4. METHOD OF SOLUTION
The code is based on the lumped parameter approach and allows flexible control volume configurations. The physical model takes into account thermodynamic nonequilibrium. Using finite difference techniques a 1-dimensional representation of the discharge flow path including geometrical influences is possible.
The physical model is based on separated field equations for liquid and vapour mass and overall field equations for energy and momentum. The mass transfer rates between phases during evaporation and condensation are based on correlations for the controlled growth and shrinkage of vapour bubbles or liquid droplets, respectively.

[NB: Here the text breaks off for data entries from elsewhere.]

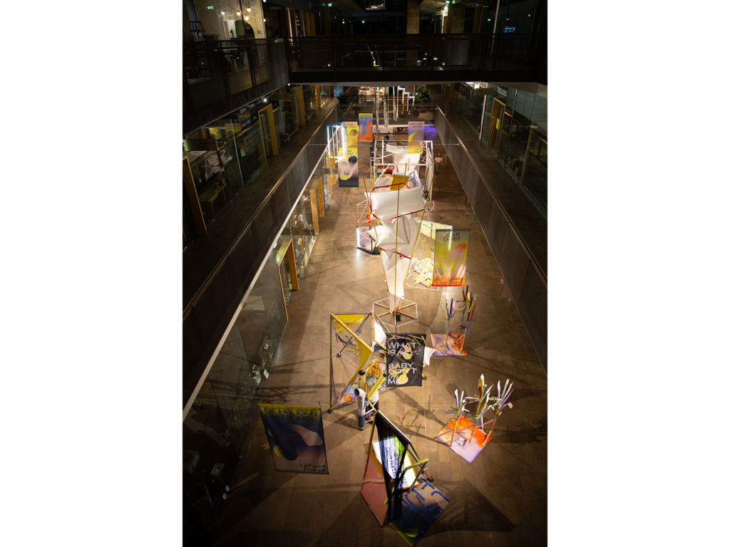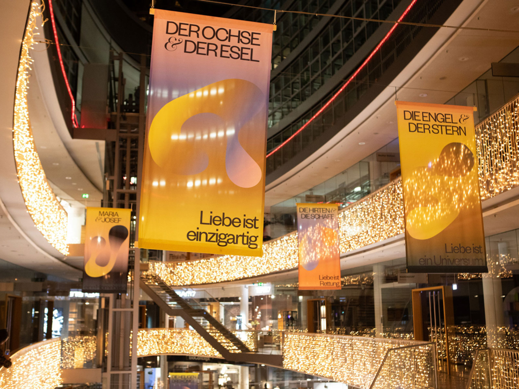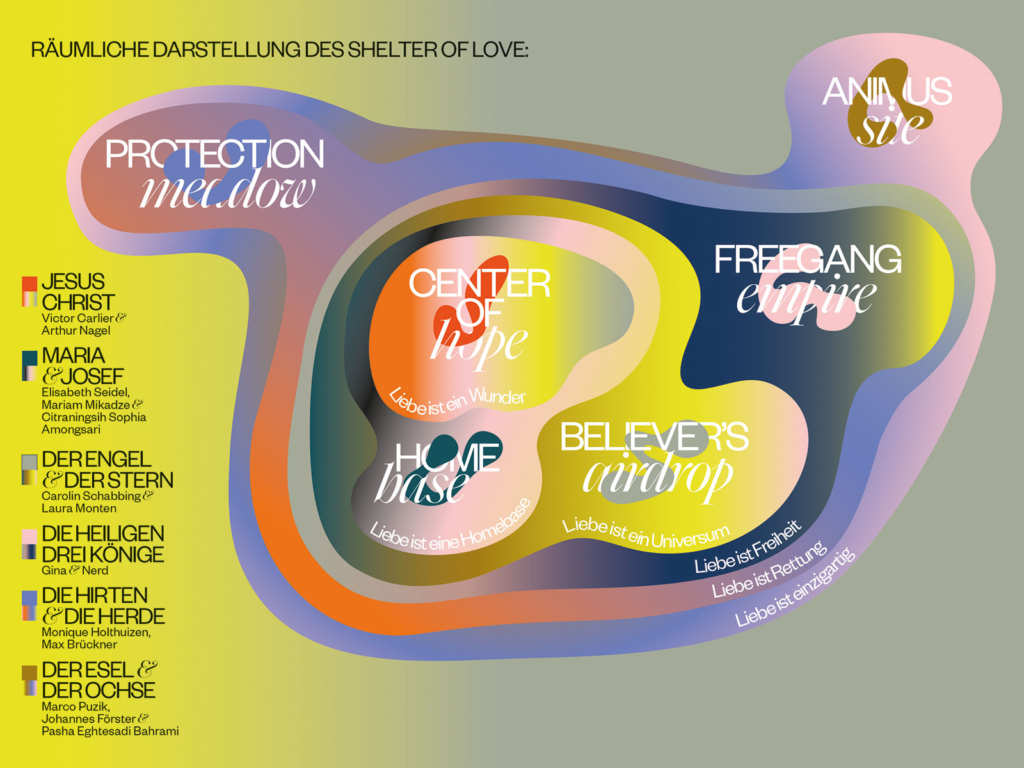 The ”Shelter of Love“ campaign translates the Christmas story religiously neutral into a big scale spatial installation. On content level, it reflects the typecast within the shelter and questions the relationships of the characters of Jesus Christ, Maria and Joseph, Angel, the three Magi, Shepherd and Sheep, the Donkey and the Oxen, in order to transfer them into present day. The idea and the concept was designed by Berlin studio Letters Are My Friends, who were asked by stilwerk to creatively direct the crossmedia campaign. One core element became staging a room-filling installation through interior design elements. The idea was born to deliver a contemporary interpretation of the traditional nativity scene and to realize it together with KISD. What is a shelter exactly? What has to be protected in these and modern days?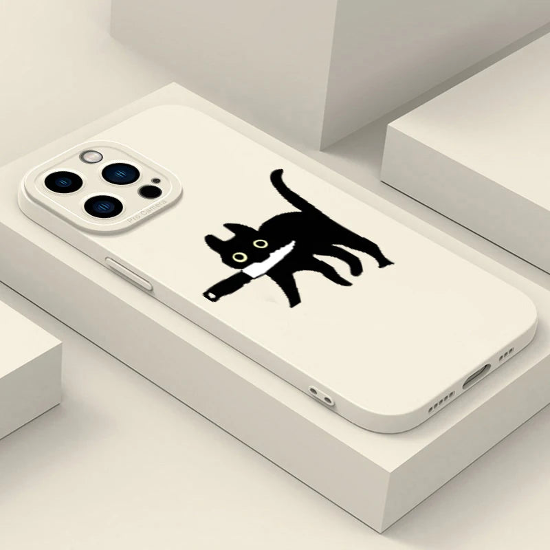 Simple Cat Pattern Phone Case For iPhone 11 12 13 14 Pro Max XS XR X 7 8 Plus SE 2020 Mini Shockproof Matte Soft Silicone Cover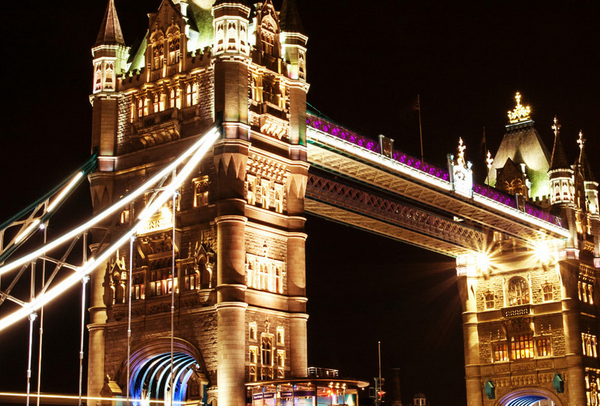著名的倫敦塔橋,不僅僅白天很美,夜晚的時候,在彩色燈光的照耀下,顯得更加耀眼,光彩奪目而有著別樣的意境!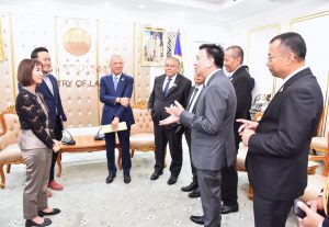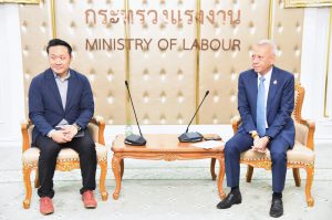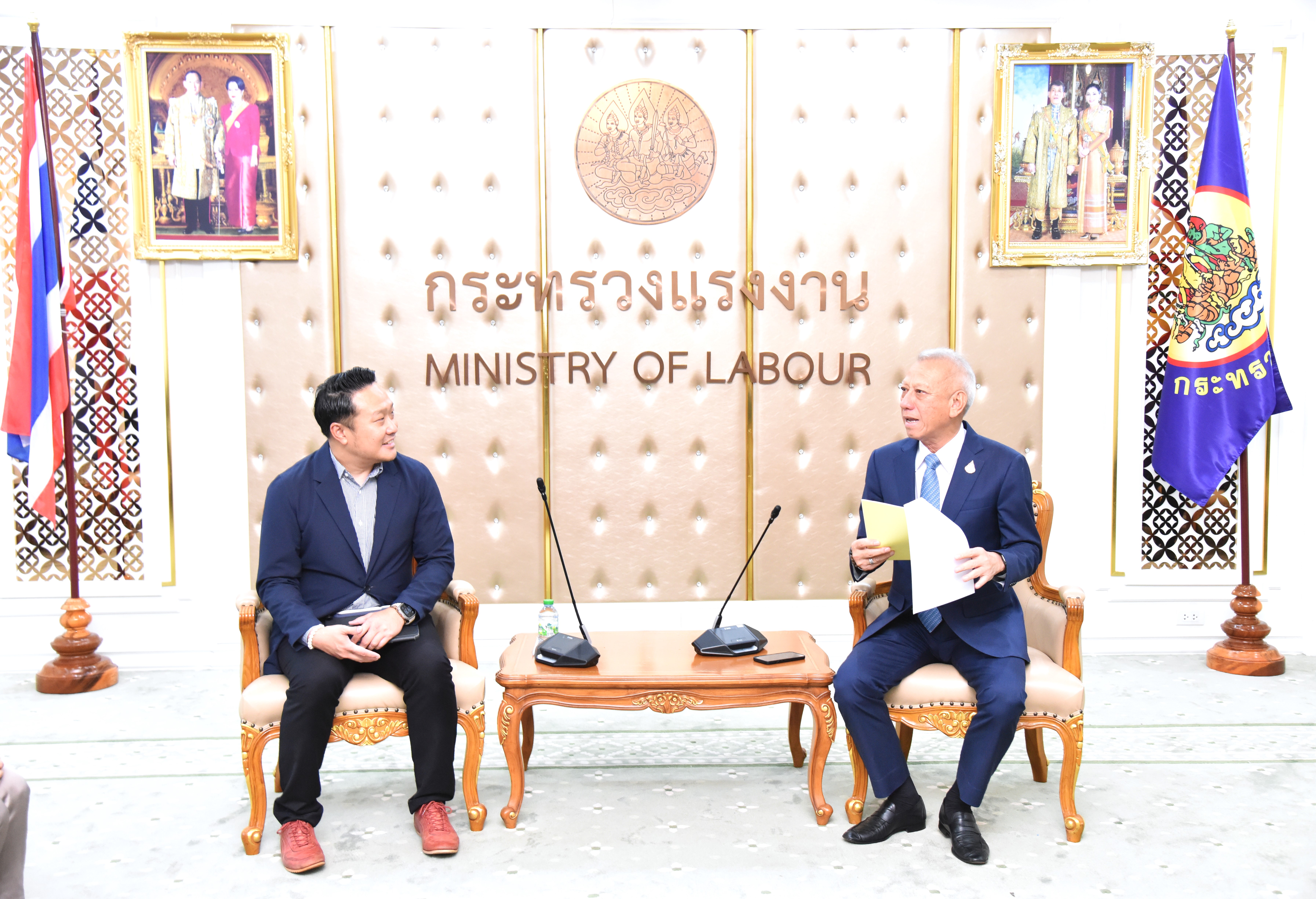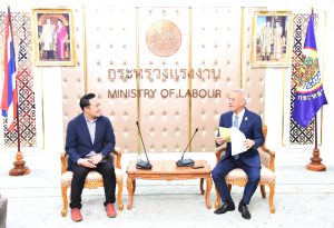 On March 6, 2024, at 09.30 hours, the Labour Minister, Mr. Phiphat Ratchakitprakarn, welcomed Mr. Piyaphong Jitchamnong, Senior Executive Vice President, OSR & Western Cuisine, Central Restaurants Group Co., Ltd., and the delegation, on the occasion of a meeting to discuss the employment of people with disabilities, Sections 33 and 35, as well as hourly employment progress and the trend of minimum wage adjustment. The Assistant to the Labour Minister, Mr. Siraphop Duangsodsri, the Secretariat to the Labour Minister, Mr. Aree Krainara, from the Prime Minister’s Secretariat’s Office, performing duties for the Ministry of Labour, Mr. Phuchong Worasri, the Permanent Secretary of Labour, Mr. Pairoj Chotikasathien, the Deputy Permanent Secretary of Labour, Mr. Wannarat Srisuksai, and Mr. Decha Pruekpattanarak, and the Ministry of Labour’s executives joined the meeting at the Chatumongkol Room, 6th floor, Ministry of Labour.
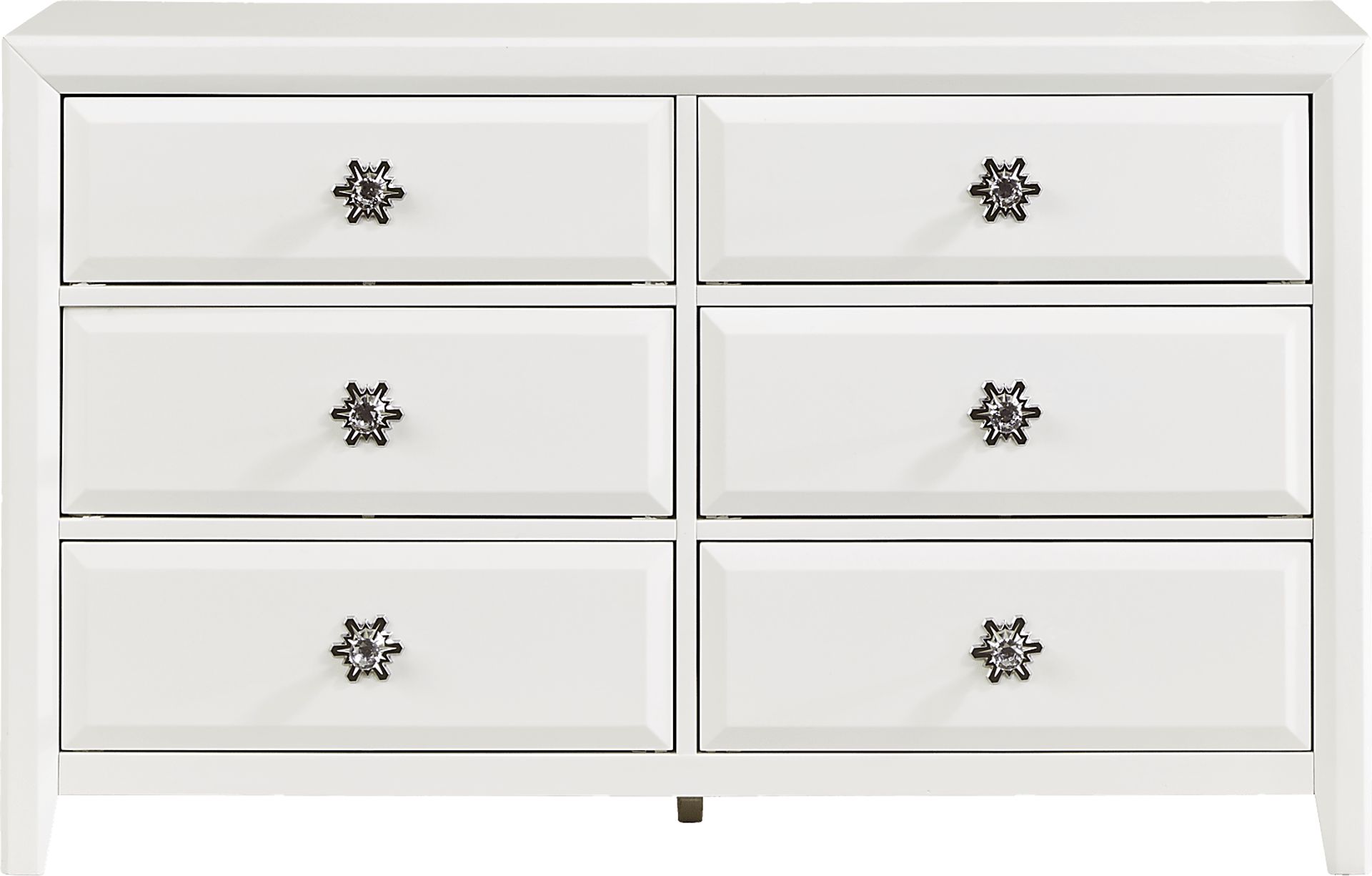 Make your child's bedroom more enchanting with the shimmering Disney Frozen dresser in Ice White. Chrome recreations of snowflakes and acrylic crystal knobs highlight the exterior front panels of the six-drawer dresser. Internally, the dresser is configured with French dovetails to provide support against any feisty pulls from your child.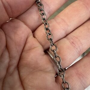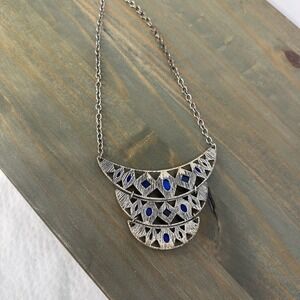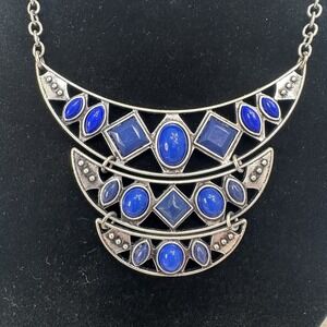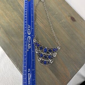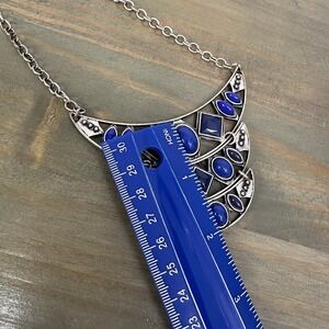 Retro blue and silvertone setting statement necklace with diamond, oval, and ellipse shapes in a crescent frame! Small amount of tarnish on chain and clasp.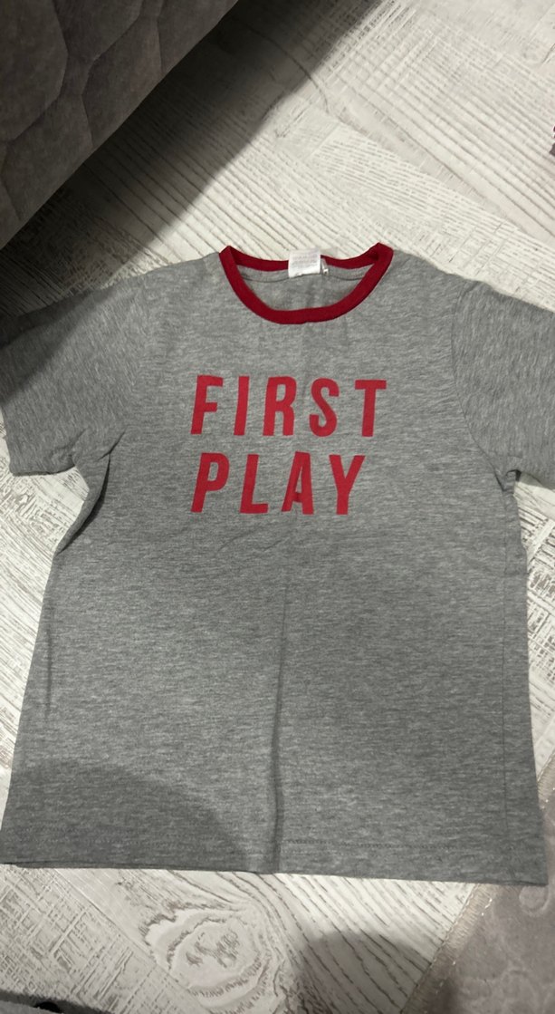 Kısa kollu, yuvarlak yaka, bol kesim gri erkek çocuk tişörtü. Kırmızı "FIRST PLAY" baskılı, rahat sokak stili.
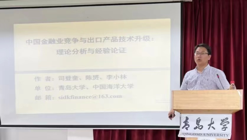 司登奎教授应邀在金家岭校区西院1号教学楼311,以《中国金融业竞争与出口产品技术升级:理论分析与经验论证》为主题开展高端学术讲座。

A heat conductor model based on the energy transport equation is available for simulation of structures, electrical heater rods and fuel rods. For the heat transfer between solid structures and the fluid a comprehensive package of flow regime dependent heat transfer and critical heat flux correlations can be used. Simulation of components (valve, pressurizer, accumulator, pump, steam generator) is possible with functions or models. Power generation in solid structures may be simulated by an input time function, an electrical heater model or a neutron kinetics models.
As a result of the lumped parameter approach a set of ordinary differential equations is obtained from the field equations. These equations, together with those resulting from the simulation of critical discharge flow near the outlet by a finite difference method, are solved by an explicit/implicit integration method with automatic time step, order and error control. The ordinary differential equations representing heat conductors are solved by an essentially implicit integration method.